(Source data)
=== Begin Enclosure ===

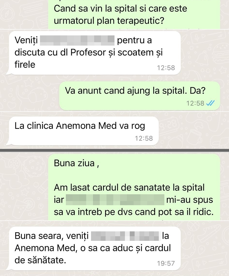 După două zile, pacientul a fost contactat de un rezident și i-a transmis ziua și ora când poate să vină la consult la „domnul profesor”. „La spital?”, l-a întrebat pacientul în scris. ”Nu, la clinica Anemona”, i-a răspuns rezidentul.
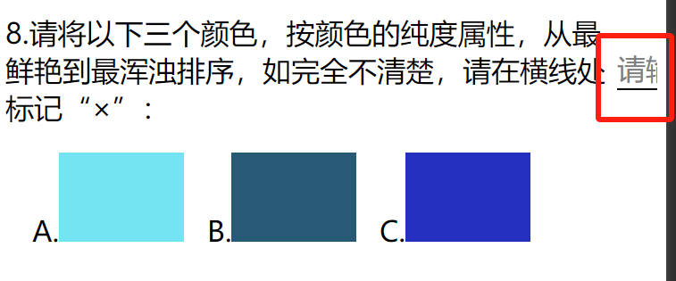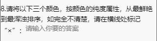 <text >8.请将以下三个颜色,按颜色的纯度属性,从最鲜艳到最浑浊排序,如完全不清楚,请在横线处标记“×”:</text>
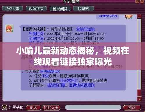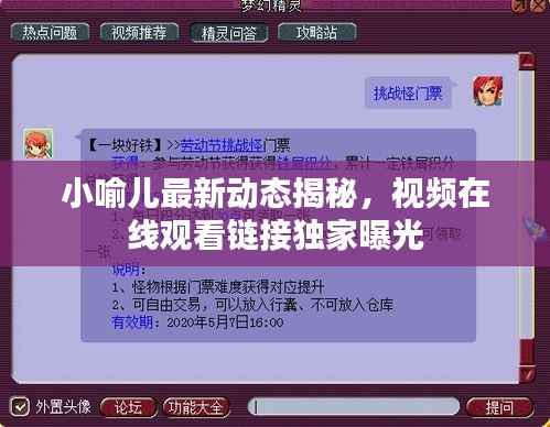 备受关注的小喻儿有了最新的消息,其相关视频已经发布,引发了广大粉丝和网友的热烈讨论和关注,如果你也是小喻儿的粉丝,那么一定不想错过关于他的任何最新动态,本文将为你提供小喻儿最新消息视频的在线观看方式,让你第一时间了解他的最新情况。
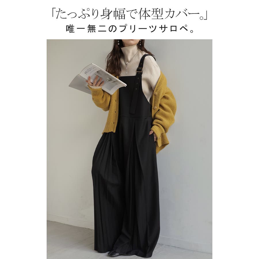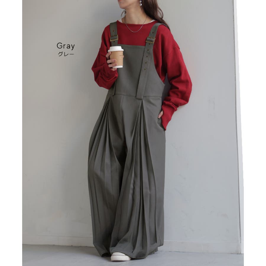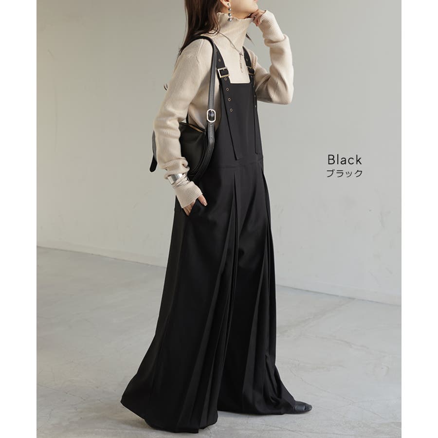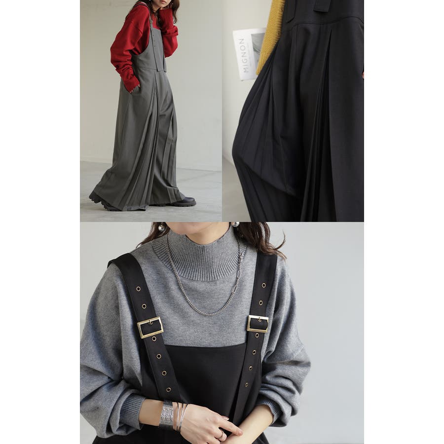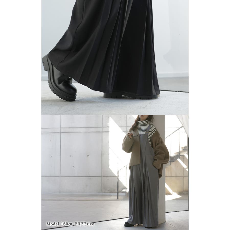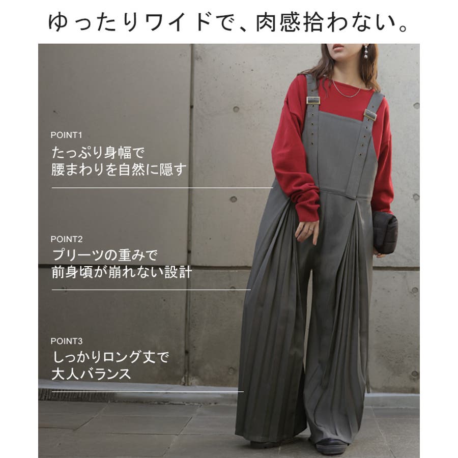 スタイルに躍動感をプラスするプリーツワイドサロペットです。
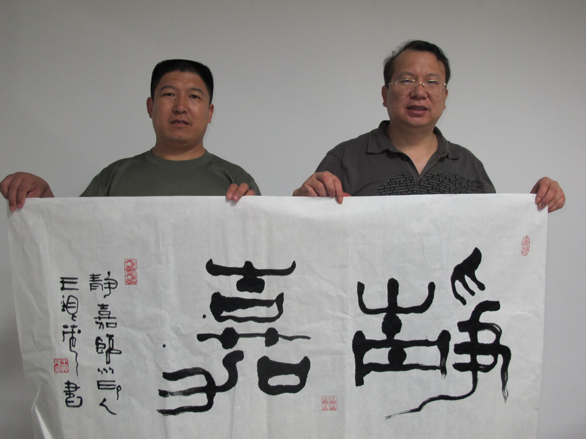 3. 与三明市委常委、宣传部长,著名书法家曾祥辉留影 左起:李桂强、曾祥辉(书法作者)、王银茂
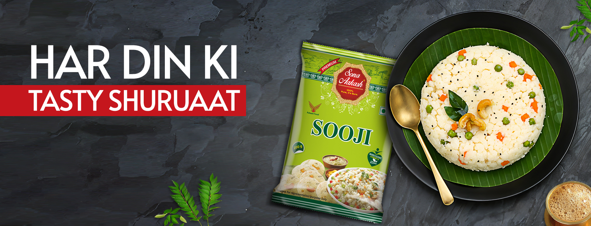 Taste the symphony of consistency with Sona Aakash Sooji. Interestingly, Sooji is in reference to the texture and consistency of the milled grain. Semolina by Sona Aakash has no impurities and is roasted to boost flavour; it also cuts down the prep-time. Made from 100% hard Durum Wheat!

=== End Enclosure ===

» PROMPT
Restate the records above word for word, without the pictures.

» WRITTEN REPLY
 După două zile, pacientul a fost contactat de un rezident și i-a transmis ziua și ora când poate să vină la consult la „domnul profesor”. „La spital?”, l-a întrebat pacientul în scris. ”Nu, la clinica Anemona”, i-a răspuns rezidentul.
 <text >8.请将以下三个颜色,按颜色的纯度属性,从最鲜艳到最浑浊排序,如完全不清楚,请在横线处标记“×”:</text>
 备受关注的小喻儿有了最新的消息,其相关视频已经发布,引发了广大粉丝和网友的热烈讨论和关注,如果你也是小喻儿的粉丝,那么一定不想错过关于他的任何最新动态,本文将为你提供小喻儿最新消息视频的在线观看方式,让你第一时间了解他的最新情况。
 スタイルに躍動感をプラスするプリーツワイドサロペットです。
 3. 与三明市委常委、宣传部长,著名书法家曾祥辉留影 左起:李桂强、曾祥辉(书法作者)、王银茂
 Taste the symphony of consistency with Sona Aakash Sooji. Interestingly, Sooji is in reference to the texture and consistency of the milled grain. Semolina by Sona Aakash has no impurities and is roasted to boost flavour; it also cuts down the prep-time. Made from 100% hard Durum Wheat!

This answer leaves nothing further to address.